EnergyFunders
- Type: Private
- Industry: Oil and gas
- Founded: 2013
- Headquarters: San Antonio, Texas
- Website: energyfunders.com

= EnergyFunders =

EnergyFunders is an energy-focused FINTECH crowdfunding company that started with oil and gas.

== History ==
The company was founded in 2013 by Philip Racusin, Roger Gingell, Michael Racusin, and Casey Minshew in Houston, Texas. It was set up as a crowdfunding platform. EnergyFunders initially provided accredited investors with access to upstream oil and gas projects from independent operators and producers. Generally these are established small operators that otherwise have limited financing options.

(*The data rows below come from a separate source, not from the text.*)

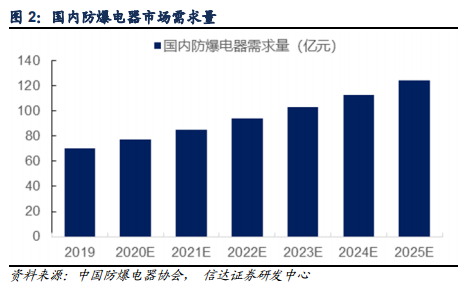 对于安全生产所催化的相关产业链,信达证券分析师罗政建议关注防爆电器。防爆电器是指在含有爆炸性危险气体混合物的场合中能够防止爆炸事故发生的电器,随着我国防爆监管力度的不断趋严,石油、化工等传统行业对防爆的需求稳定增长,医药、白酒、城市管廊等新行业对防爆电器需求快速提升,未来防爆电器市场规模有望保持稳定增长。投资标的方面,推荐国内防爆电器龙头、国内市占率约为 21.9%的华荣股份。
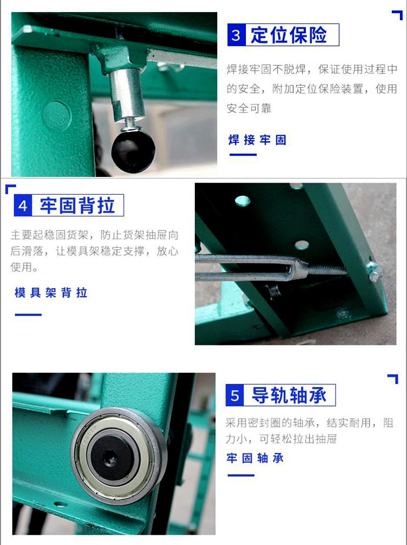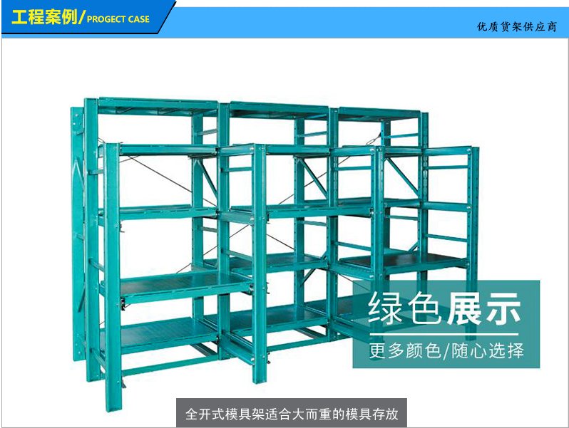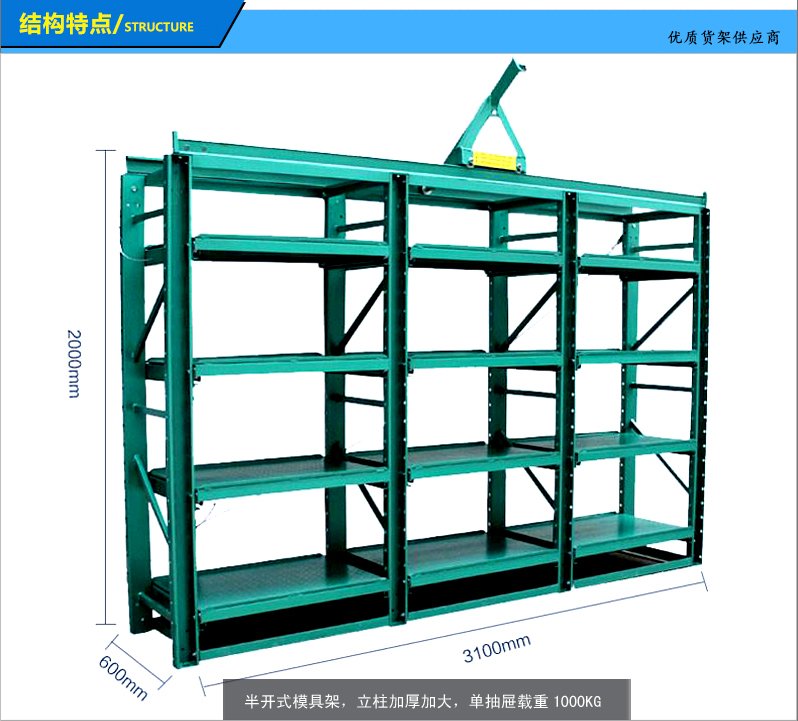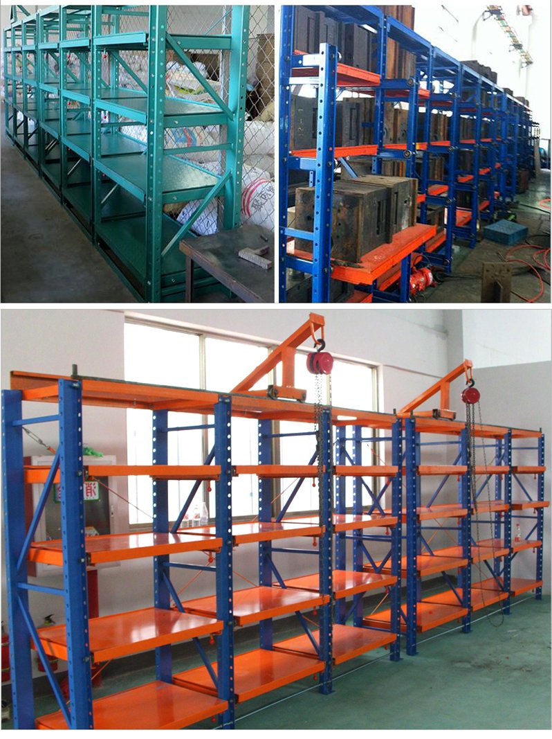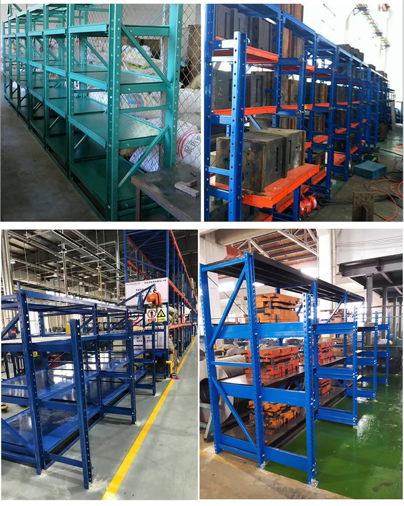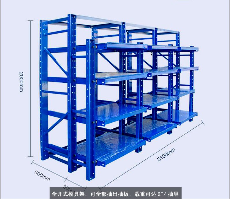 模具貨架適合于存放模具等機械加工塊的存放。占地少、承重大、分類詳細、存取方便。抽屜式滑道,可以80%抽出,操作簡易,安全,是現代化工廠的維修及加工車間的工位器具。
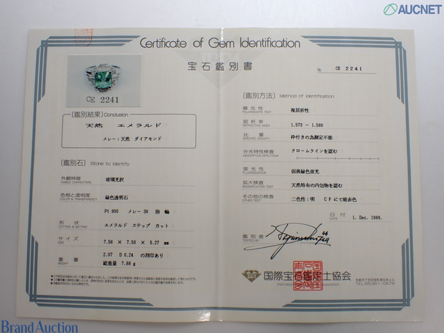 エメラルド PT900 E2.07 D0.24 7.6g #9

The platform first went live in 2014 and was officially released in 2015. In January 2018, the EnergyFunders Marketplace was accepted by FINRA to operate a crowdfunding portal under Regulation CF. EnergyFunders launched an all-new upgraded platform using block-chain technology in early 2018.

== EnergyFunders platform ==
The EnergyFunders platform provides crowdfunded upstream oil and gas projects to accredited investors, which the company pre-vets before putting them up for offer through a team of various professionals in law, geology, technology, and finance. EnergyFunders takes a carried interest from each investment made through its platform.